### Material supplied
:::

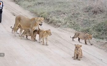 In the golden grasslands where the Nharhu Pride roams, a tender moment unfolds that captures the fragile beauty of life in the wild. A little lion cub, still unsteady on …
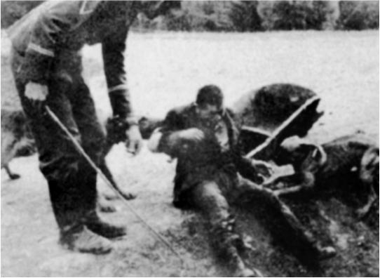 Blutiger Terror: Ein deutscher Wachmann hetzt seine beiden Hunde auf einen jüdischen Zwangsarbeiter.
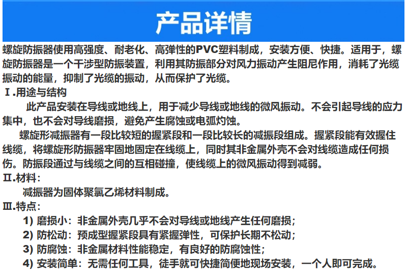 防扭器 厂家现货 PVC材质 螺旋减震器 ADSS光缆用防振鞭 K
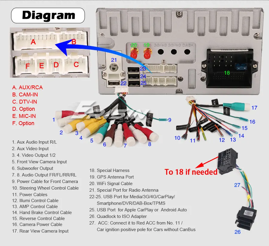 -Функция: может быть подключен к U-Disc, 3G/4G донгл, CarPlay ключ, TPMS-устройство, DVR-камера, DAB + коробка, смартфон и т. Д.
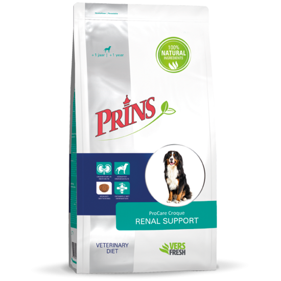 Chronisch nierfalen komt regelmatig voor, vooral bij wat oudere honden. Een nierondersteunende dieetvoeding heeft een positieve invloed op de nieren en kan de achteruitgang van de nierfunctie vertragen. Prins ProCare Croque Veterinary Diet Renal Support is een volledige voeding speciaal voor honden met chronisch nierfalen.
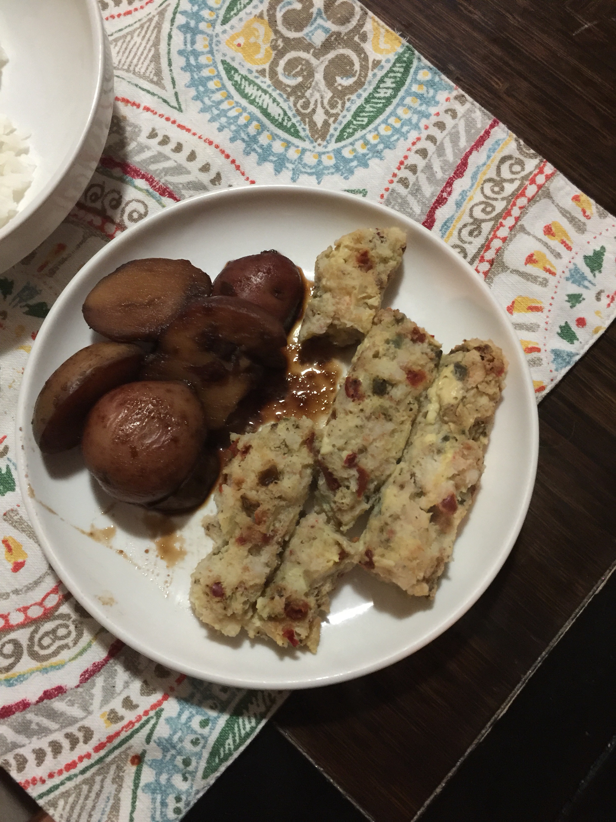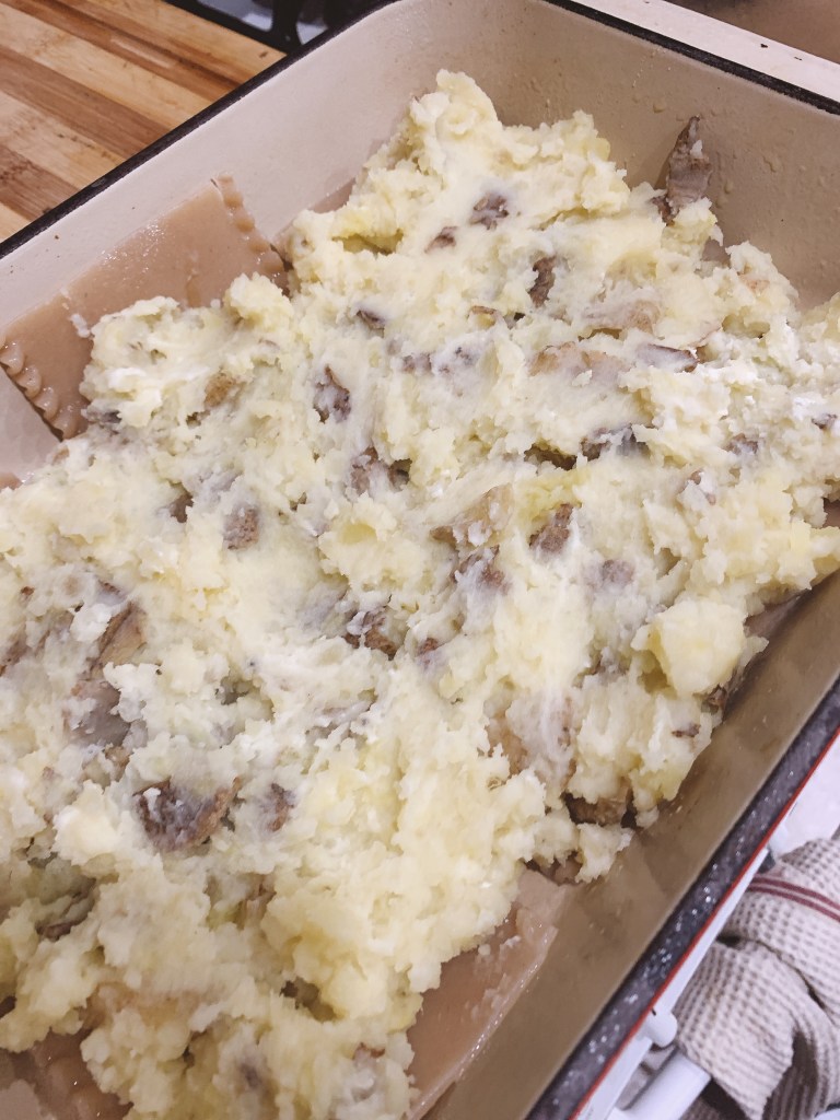 For my bottom layer I used mashed potatoes—mine were made from scratch with a little butter and some sour cream, but you can use your favorite recipe or even instant. I made about 1/2 layer.

:::

Output the records exactly, pictures excluded.

 In the golden grasslands where the Nharhu Pride roams, a tender moment unfolds that captures the fragile beauty of life in the wild. A little lion cub, still unsteady on …
 Blutiger Terror: Ein deutscher Wachmann hetzt seine beiden Hunde auf einen jüdischen Zwangsarbeiter.
 防扭器 厂家现货 PVC材质 螺旋减震器 ADSS光缆用防振鞭 K
 -Функция: может быть подключен к U-Disc, 3G/4G донгл, CarPlay ключ, TPMS-устройство, DVR-камера, DAB + коробка, смартфон и т. Д.
 Chronisch nierfalen komt regelmatig voor, vooral bij wat oudere honden. Een nierondersteunende dieetvoeding heeft een positieve invloed op de nieren en kan de achteruitgang van de nierfunctie vertragen. Prins ProCare Croque Veterinary Diet Renal Support is een volledige voeding speciaal voor honden met chronisch nierfalen.
 For my bottom layer I used mashed potatoes—mine were made from scratch with a little butter and some sour cream, but you can use your favorite recipe or even instant. I made about 1/2 layer.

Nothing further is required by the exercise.